- Supplied records:
---------------

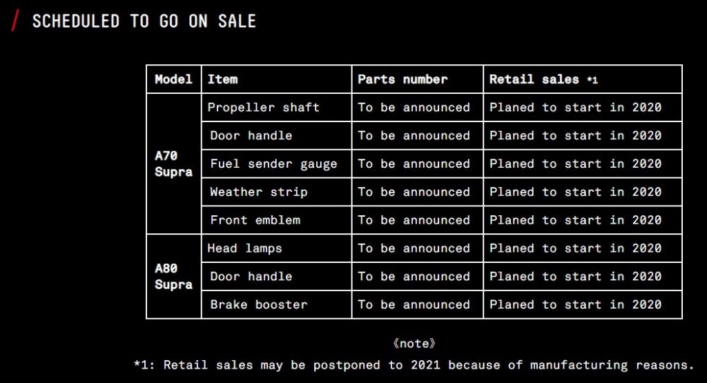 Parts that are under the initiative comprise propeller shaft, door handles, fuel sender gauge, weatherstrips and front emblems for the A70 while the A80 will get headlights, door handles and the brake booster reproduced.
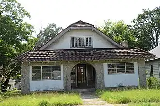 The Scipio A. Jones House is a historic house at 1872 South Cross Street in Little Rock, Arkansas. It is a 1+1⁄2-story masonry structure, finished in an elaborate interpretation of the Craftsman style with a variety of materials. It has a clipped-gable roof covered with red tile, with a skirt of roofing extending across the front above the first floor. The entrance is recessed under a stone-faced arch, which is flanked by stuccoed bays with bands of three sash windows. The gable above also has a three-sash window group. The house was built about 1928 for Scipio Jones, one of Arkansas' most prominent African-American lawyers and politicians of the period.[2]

---------------

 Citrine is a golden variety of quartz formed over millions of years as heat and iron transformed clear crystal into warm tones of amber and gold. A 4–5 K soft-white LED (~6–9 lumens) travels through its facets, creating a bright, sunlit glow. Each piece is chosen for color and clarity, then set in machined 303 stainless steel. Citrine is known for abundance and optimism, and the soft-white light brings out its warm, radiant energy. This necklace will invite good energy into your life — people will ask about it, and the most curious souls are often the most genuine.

---------------

- What the exercise asks: Looking at the listing above, which lines run from the one containing "Parts that are" through the one containing "The Scipio A."? Print exactly those, ends included, pictures excluded.

- Result below:
 Parts that are under the initiative comprise propeller shaft, door handles, fuel sender gauge, weatherstrips and front emblems for the A70 while the A80 will get headlights, door handles and the brake booster reproduced.
 The Scipio A. Jones House is a historic house at 1872 South Cross Street in Little Rock, Arkansas. It is a 1+1⁄2-story masonry structure, finished in an elaborate interpretation of the Craftsman style with a variety of materials. It has a clipped-gable roof covered with red tile, with a skirt of roofing extending across the front above the first floor. The entrance is recessed under a stone-faced arch, which is flanked by stuccoed bays with bands of three sash windows. The gable above also has a three-sash window group. The house was built about 1928 for Scipio Jones, one of Arkansas' most prominent African-American lawyers and politicians of the period.[2]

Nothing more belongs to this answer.